CVE-2020-25657

Name of the Vulnerable Software and Affected Versions: m2crypto versions prior to the fixed version

Description: A flaw was found in m2crypto, where it is vulnerable to Bleichenbacher timing attacks in the RSA decryption API via the timed processing of valid PKCS#1 v1.5 Ciphertext. The highest threat from this vulnerability is to confidentiality. This issue is related to the Bleichenbacher attack, which was first discovered in 1998 and has been revisited in recent research, showing that many software implementations of the PKCS #1 v1.5 scheme for RSA key exchange are vulnerable. The attack allows an attacker to decrypt messages and forge signatures by measuring the time it takes for a server to process specially crafted encrypted texts.

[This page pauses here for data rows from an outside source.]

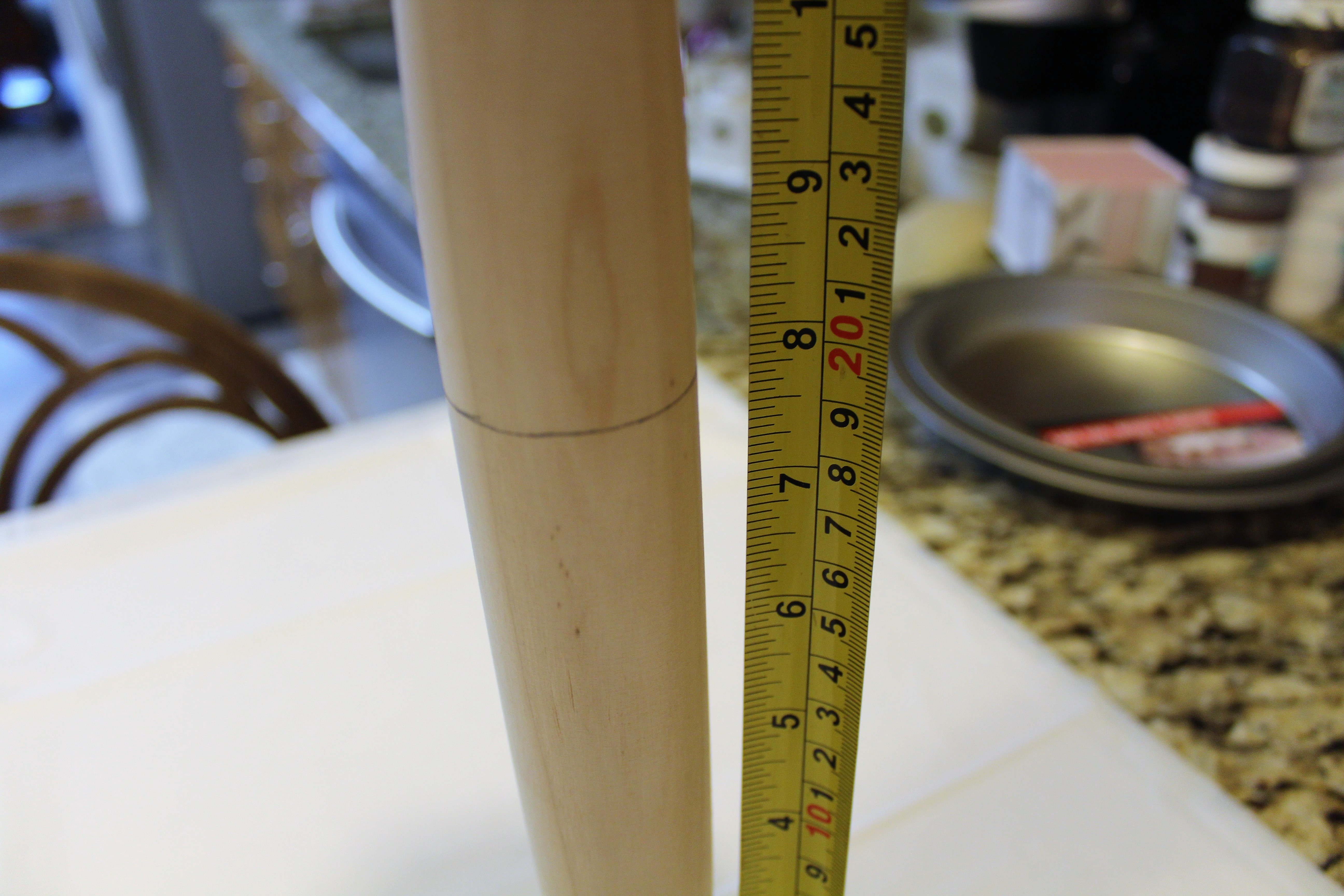 Now I took the shorter part of the rolling pin and marked 1/4 inch on each side at the top.
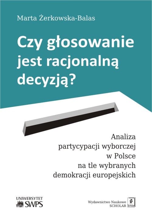 Niemal wszystkie demokracje borykają się z problemem malejącego poziomu uczestnictwa wyborczego. Dlaczego jedni ludzie głosują, a inni nie? Znalezienie odpowiedzi na to pytanie stało się jednym z ważniejszych wyzwań stojących przed badaczami nauk politycznych. Istnieje wiele podejść teoretycznych i empirycznych, które mają na celu wyjaśnienie zagadki frekwencji wyborczej. Omawiana w niniejszej książce teoria racjonalnego wyboru w prosty i intuicyjny sposób wyjaśnia przyczyny absencji wyborczej. Ludzie nie głosują, ponieważ im się to nie opłaca. Koszty, jakie muszą ponieść dokonując wyboru partii, której udzielą poparcia i głosując na nią, przewyższają korzyści płynące z jej wygranej. Niniejsza książka stanowi próbę empirycznego potwierdzenia tej tezy na podstawie danych dotyczących polskich wyborców. MARTA ŻERKOWSKA-BALAS – socjolożka, politolożka, iberystka, adiunkt w Instytucie Nauk Społecznych na Uniwersytecie SWPS w Warszawie. Zajmuje się badaniem mechanizmów kierujących decyzjami wyborców, relacjami między obywatelami a partiami politycznymi oraz zagadnieniami związanymi z praktyką i teorią demokracji.
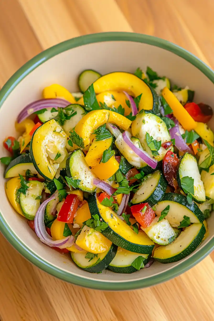 Keep Fresh: This zucchini and yellow squash salad tastes best when eaten within 24 hours, but you can keep it in an airtight container in the fridge for up to 3 days. The vegetables might release some liquid over time, but that’s totally normal – just give it a quick toss before serving.
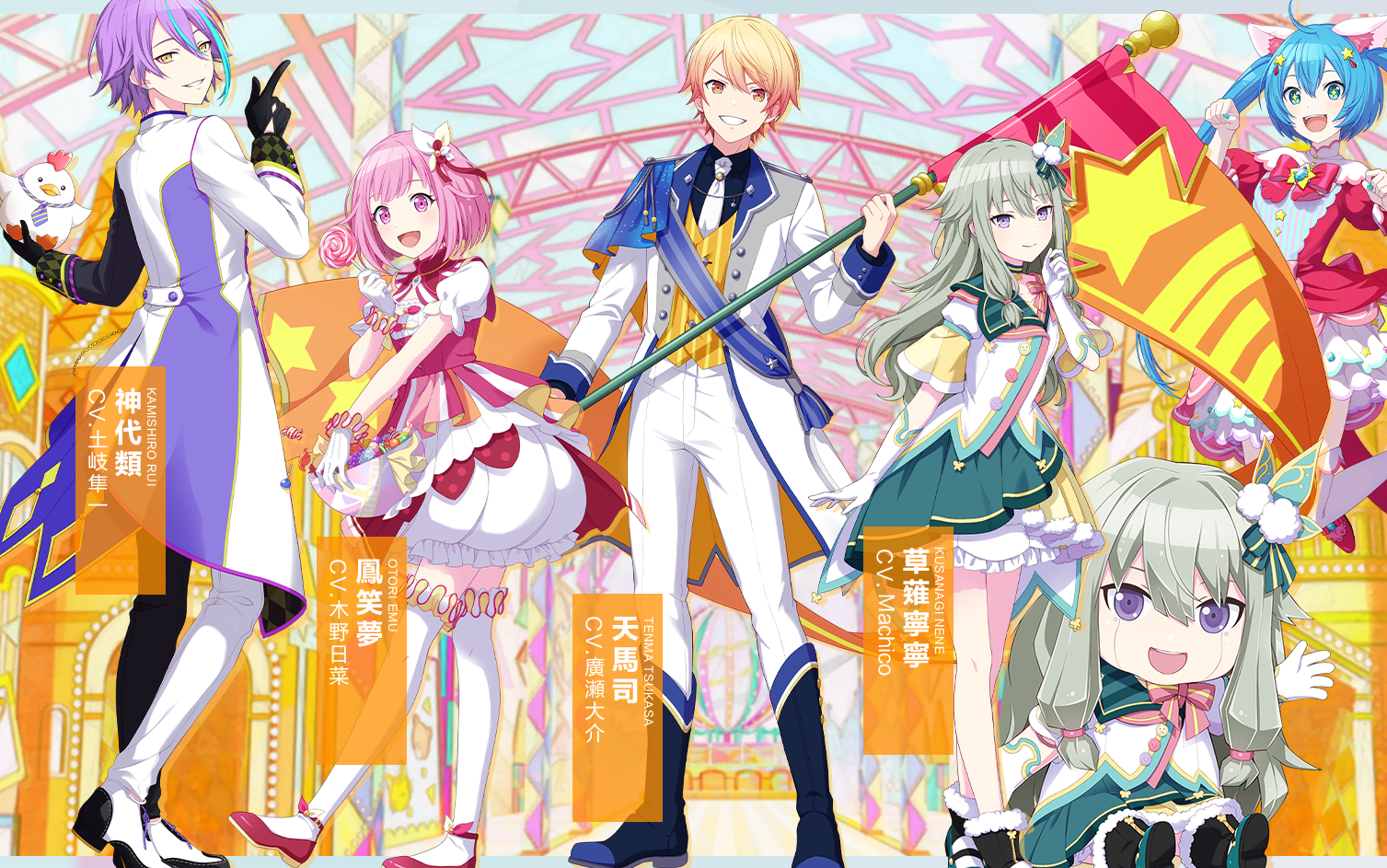 和初音未来、镜音连、镜音铃、巡音流歌、MEIKO、KAITO六位虚拟歌手一起,享受现实世界和「世界」两个不同舞台的故事吧!
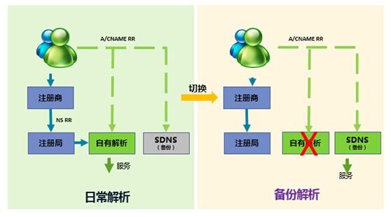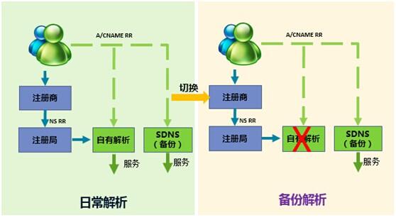 用戶域名的權威解析數據備份至云解析平臺。正常情況下由用戶的自建權威服務器提供解析服務。當遭遇突發情況或需進行服務遷移時,用戶可修改NS記錄指向SDNS權威云服務平臺,由SDNS權威云服務繼續提供域名的解析。
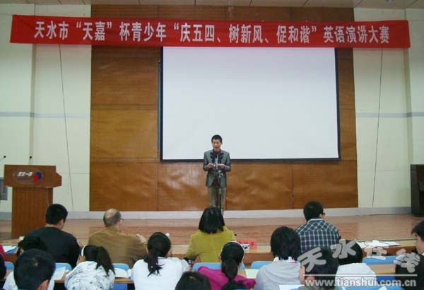為紀(jì)念“五四”青年節(jié),進(jìn)一步培養(yǎng)我市青少年學(xué)習(xí)英語(yǔ)的熱情,活躍校園文化生活,營(yíng)造濃厚的語(yǔ)言學(xué)習(xí)氛圍,4月10日、11日,市委宣傳部、團(tuán)市委聯(lián)合舉辦了天水市青少年“慶五四、樹(shù)新風(fēng)、促和諧”英語(yǔ)演講大賽。這次活動(dòng)作為團(tuán)市委慶“五四”系列活動(dòng)之一,得到了全市各學(xué)校和廣大青少年的積極參與,經(jīng)過(guò)基層學(xué)校的層層選拔,共有500余名同學(xué)參加了比賽。
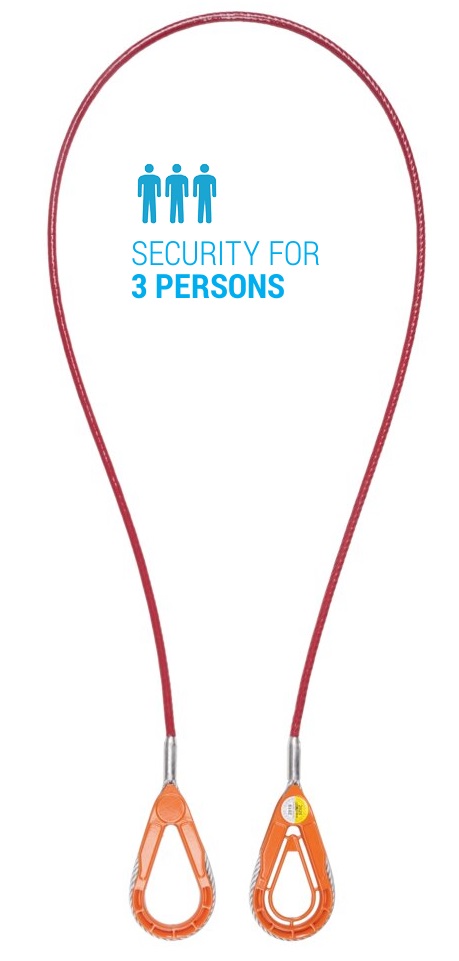 Yhteensopiva esimerkiksi Lifeliner ankkuripiste hihnan kanssa. Jos halutaan nostaa Lifeliner lattiatasosta ylöskulumisen estämiseksi, niin tämän AZ411 ankkurivaijerilla sen voi tehdä, koska se on tarkoitettu suojaamaan kolmelta henkilöltä samanaikaisesti.

Recommendations: For m2crypto, consider disabling the use of PKCS#1 v1.5 for RSA key exchange until a patch is available. Restrict access to the RSA decryption API to minimize the risk of exploitation. As a temporary workaround, avoid using the DecryptPKCS1v15SessionKey function in the crypto/rsa API until the issue is resolved. It is recommended to stop using RSA PKCS#1 v1.5 encryption. At the moment, there is no information about a newer version that contains a fix for this vulnerability.